Hawaii's Voter Turnout (Sue Miller)|
Hillside Development Above Ka Iwi State Park
Affordable Shelter Committee (Jackie Parnell)
Rail Transit Meeting on August 28 (Charles Carole)
Membership News (Teresa Lau)
LWV Committee to Study Hawaii Drug Policy (Suzanne Meisenzahl)
League Urges Governor to Save Kukui Gardens (Jackie Parnell)
Hawaii's Voter Turnout
It was with great interest that I have read the recent articles on voter turnout in Hawaii. Many times the statistics and numbers provided in one article conflict with those provided in another with quoted 2004 voter turnout percentages ranging from 40% to a high of 56%.
In reviewing some of the articles further, it turns out that "Voter Turnout" is defined in different ways.

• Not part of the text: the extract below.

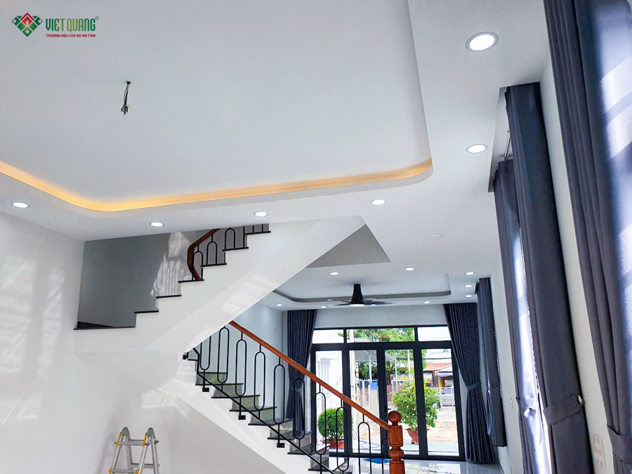 Giai đoạn hoàn thiện quyết định tính thẩm mỹ và trải nghiệm sử dụng lâu dài của ngôi nhà. Các hạng mục hoàn thiện bao gồm cán nền, ốp lát gạch, chà ron, lăn sơn nước, thi công trần thạch cao, lắp đặt hệ thống điện nước, thi công nội thất. Đội ngũ thợ lành nghề của Việt Quang Group thi công tỉ mỉ, cẩn thận trong từng chi tiết, đảm bảo ngôi nhà hoàn thiện đúng với phong cách và mong muốn của gia chủ.

Depending on who is the source of the information provided to the media and how critical the situation is portrayed, voter turnout is defined as: 1) the ratio of number of persons who vote compared to the number of persons who are 18 or older; 2) versus refined population estimates that remove Hawaii's large number of military personnel or other demographic groups; and 3) other articles seem to indicate that voter turnout is based on the number of registered voters.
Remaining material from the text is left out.